Saturday, May 1, 2010

It's raining, it's pouring... my old man is snoring...

The sky is bawling it's eyes out today and the clouds are arguing rather loudly. We are having an official Southern storm.
Last year there was a gigantic flash flood here in C. Creek in the beginning of May. It was the largest flood of the century (literally), and the water was so deep, people were canoeing around in the otherwise dry fields, horses were being swept down the stream with nothing but the tips of their noses above water, and several people almost died (but that was their fault for going in a high-powered motor boat down the swift current right smack into a concrete bridge ...I think it was a guy thing or something... "I know, let's almost die, and live to tell about it!"). The whole event even made it on Facebook! Wow, we have arrived!

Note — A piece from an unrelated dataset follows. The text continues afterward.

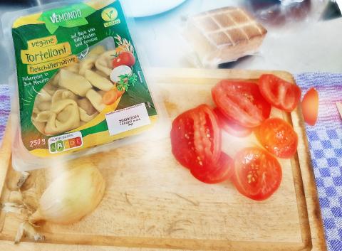 I tak chodziłem i patrzyłem na to wszystko, co mam w kuchni, i tak mnie odrzucało aż aż znalazłem zapomniane z tyłu lodówki z Vemondo(marka wegańska Lidla) Vegane Tortelloni

Possibilites of reliving last year's torrent of water has been buzzing along the phone lines in C. Creek. At the present, Amber is watching our friend's kids so they could go on a "date" down the almost-flooded creek in canoes. I hope they don't struck by lightning.
Justus and I ran outside into the back of the property to see how full our spring is (it flooded all of our ditches/culverts to the top-- about 8 ft. tall and 10 ft. wide). The spring starts several acres back in the woods. We were totally soaked after about three seconds of going outside. But it was a blast. I couldn't keep my flip flops on so I had to go barefoot. Running on the rocks hurt a little, and I told him to slow down because I had to be selective about where I put my feet. Justus turned around and looked at me (in his knee-high rubber boots) and said, "Gosh Hannah! You really need to toughen up!". Sir yes sir!
I am currently waiting for a friend of mine to call and let me know when she is going to go view the damage thus far. For fun, that is. Some other friends are coming to park their cars at our house. Last year their house was a foot deep in water (and it's elevated!).
I know I'm weird, but I really hope it floods. That way, in 70 years I can tell my great-great-grandchildren about how I survived the greatest flood in Tennessee history while I sat on my Mac blogging about it. (just kidding)
Having a metal roof makes things even more exciting. I love waking up in the morning to the sound of the rain pelting above me. It almost resembles the sound of the water rolling backward into the ocean preparing to break into a wave.
Well, many sunny days to all you tan people in California who have absolutely no clue about what REAL rain looks like. Ignorance is bliss, my dears.